### [Activity]
Beginning with the line that contains "This page presents", retype the entries below exactly, ending with the line that contains "I did also make". Leave out any pictures.

### [Input material]
*** Block opens ***
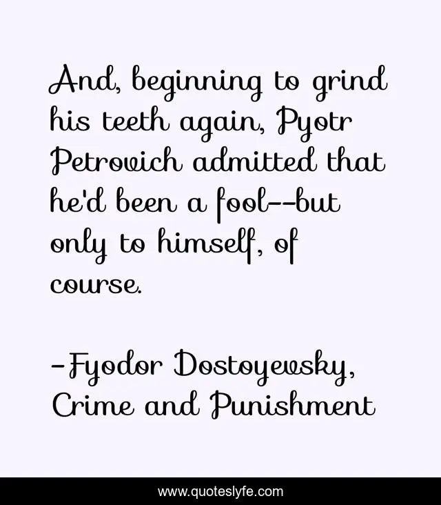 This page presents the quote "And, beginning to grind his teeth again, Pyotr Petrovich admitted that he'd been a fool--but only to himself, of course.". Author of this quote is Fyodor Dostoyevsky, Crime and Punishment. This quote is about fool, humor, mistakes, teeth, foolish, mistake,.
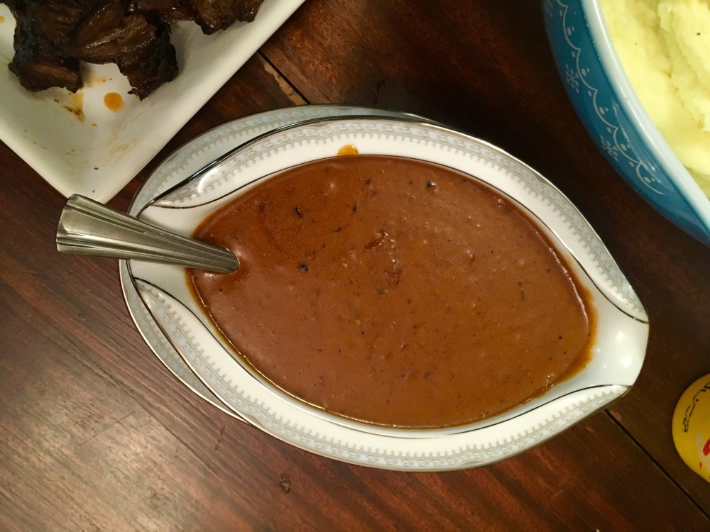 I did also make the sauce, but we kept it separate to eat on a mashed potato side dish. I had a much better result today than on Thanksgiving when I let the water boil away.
*** Block closes ***
*** Block opens ***
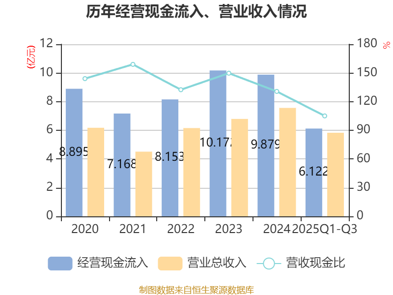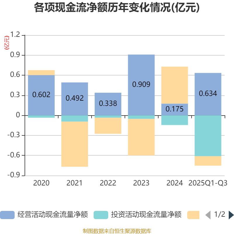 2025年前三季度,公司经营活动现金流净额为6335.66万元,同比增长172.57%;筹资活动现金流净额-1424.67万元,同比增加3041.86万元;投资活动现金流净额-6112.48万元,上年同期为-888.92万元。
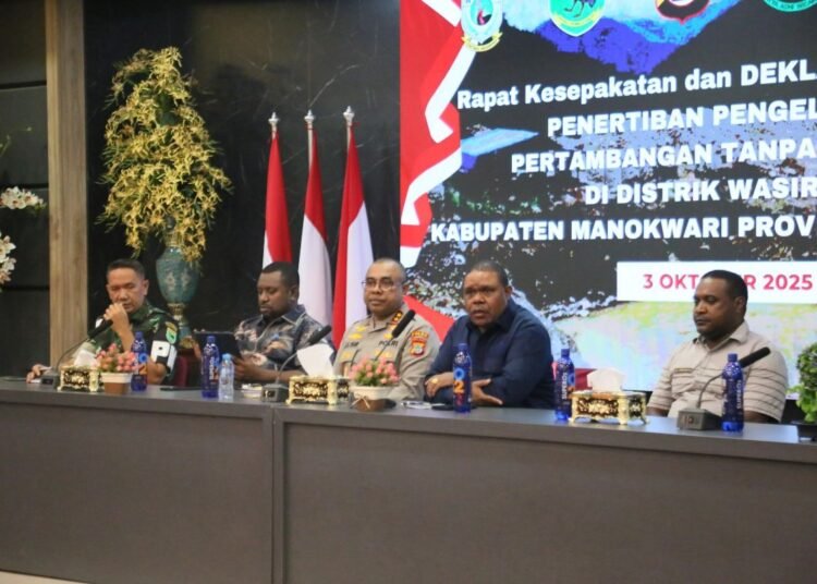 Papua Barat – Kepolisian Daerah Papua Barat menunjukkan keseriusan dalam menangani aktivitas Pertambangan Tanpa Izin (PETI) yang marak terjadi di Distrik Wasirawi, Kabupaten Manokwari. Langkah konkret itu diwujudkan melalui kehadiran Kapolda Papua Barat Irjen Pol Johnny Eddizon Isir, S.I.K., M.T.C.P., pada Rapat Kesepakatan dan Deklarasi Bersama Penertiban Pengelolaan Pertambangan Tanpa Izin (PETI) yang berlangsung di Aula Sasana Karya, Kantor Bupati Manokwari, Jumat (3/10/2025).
*** Block closes ***
### [Written response]
 This page presents the quote "And, beginning to grind his teeth again, Pyotr Petrovich admitted that he'd been a fool--but only to himself, of course.". Author of this quote is Fyodor Dostoyevsky, Crime and Punishment. This quote is about fool, humor, mistakes, teeth, foolish, mistake,.
 I did also make the sauce, but we kept it separate to eat on a mashed potato side dish. I had a much better result today than on Thanksgiving when I let the water boil away.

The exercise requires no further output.